*TASK TO COMPLETE:* Leave out every picture, and output exactly the lines from the line containing "heavy potted blue" through the last line of the data.

━━━━━ GIVEN MATERIAL

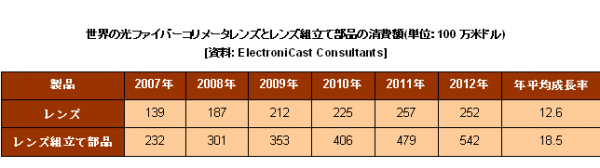 光ファイバー通信業界のコンサルタントを専門とするElectroniCast Consultantsは、このたび、商業光通信用のパッシブコンポーネントやアクティブコンポーネント、統合コンポーネントで使用されるコリメータレンズとレンズ組立て部品の世界市場における消費と技術の動向を分析した新たな調査報告書、"FIBER OPTIC COMMUNICATION COLLIMATOR LENS & LENS ASSEMBLIES GLOBAL MARKET FORECAST 2007-2012" を発表しました。同報告書よると、2007年に光ファイバー用コリメータレンズの消費量(製品で使用されたレンズの数)が最も多かったのは日本/環太平洋地域であり、世界全体の消費量の46.7%を占めています。次に消費量が多いのは、北米(メキシコ、カナダ、米国)地域で、全体の37.9%を占め、欧州地域は15%弱となっています。欧州の光ファイバーコンポーネントメーカーは、ほとんどが生産拠点を他の地域に移しているため(主としてアウトソーシングによる)、今後も消費量は横ばい状態で推移すると思われます。消費量は、レンズがより高いレベルのサブコンポーネントやコンポーネントで最初に使われた地理的な場所(地域)ごとに集計されるため、ElectroniCastでは、日本/環太平洋地域における消費量の増加傾向は今後も続くと予想しています。
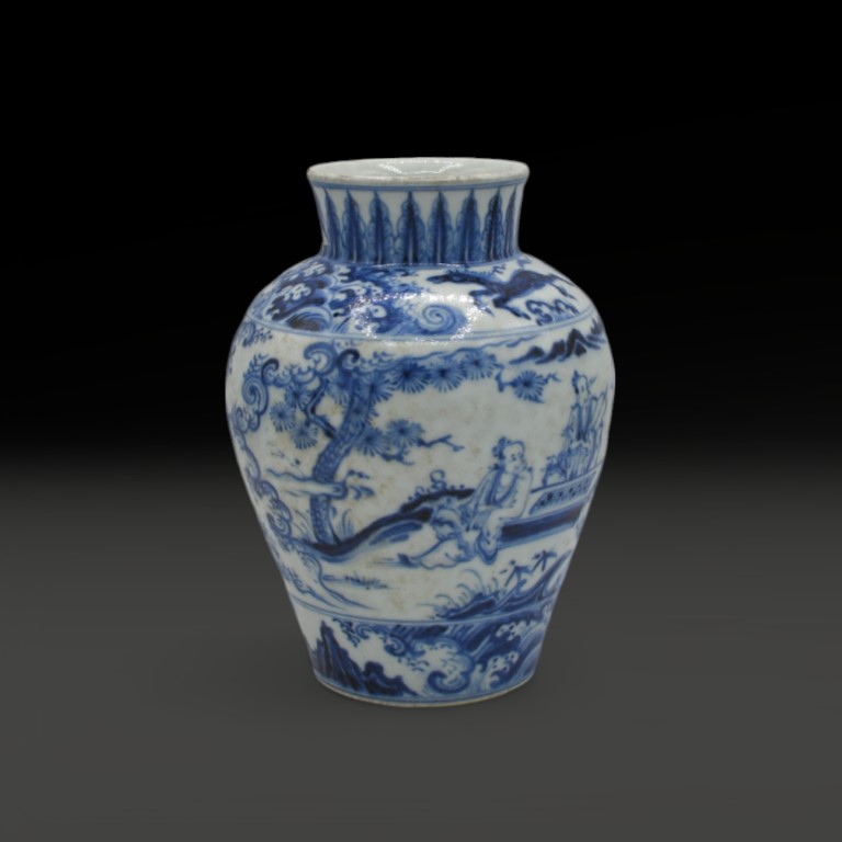 heavy potted blue and white porcelain body decorated with sages in countryside. On the bottom apocryphal mark of Xuande.
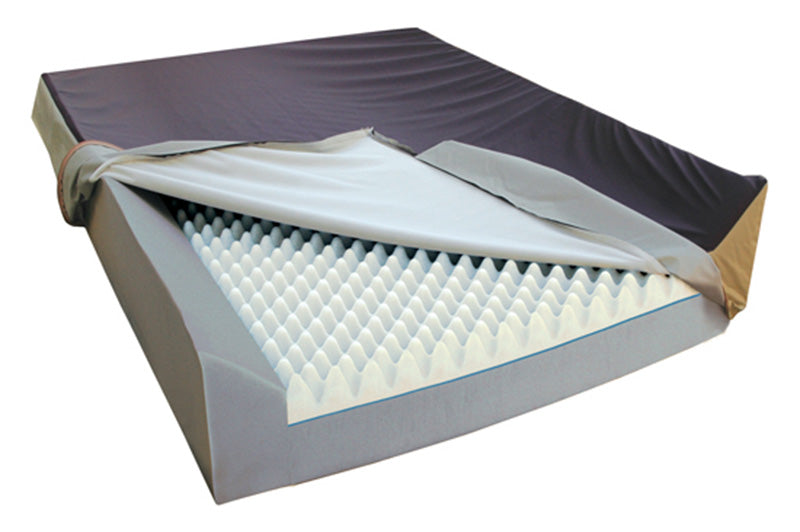 - 2-layer dual density foam core, convoluted upper and supportive base with concave sides
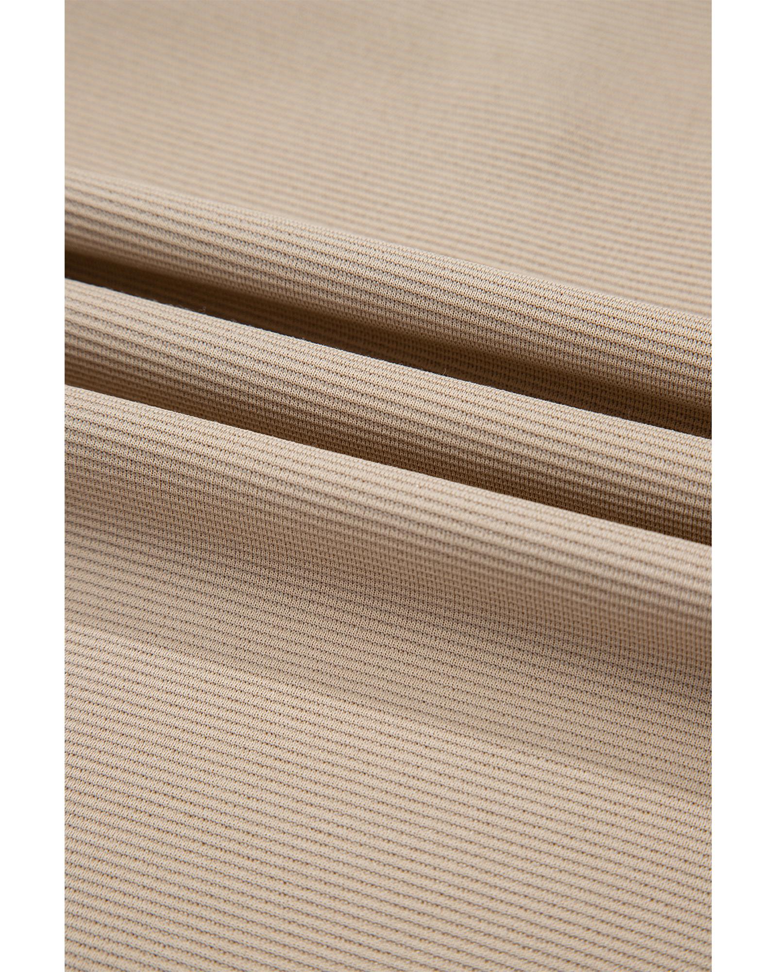 Pale Khaki Contrast V Neck Ruffled Textured Knit Top – M

━━━━━━━━━━

*ANSWER SPACE:*
 heavy potted blue and white porcelain body decorated with sages in countryside. On the bottom apocryphal mark of Xuande.
 - 2-layer dual density foam core, convoluted upper and supportive base with concave sides
 Pale Khaki Contrast V Neck Ruffled Textured Knit Top – M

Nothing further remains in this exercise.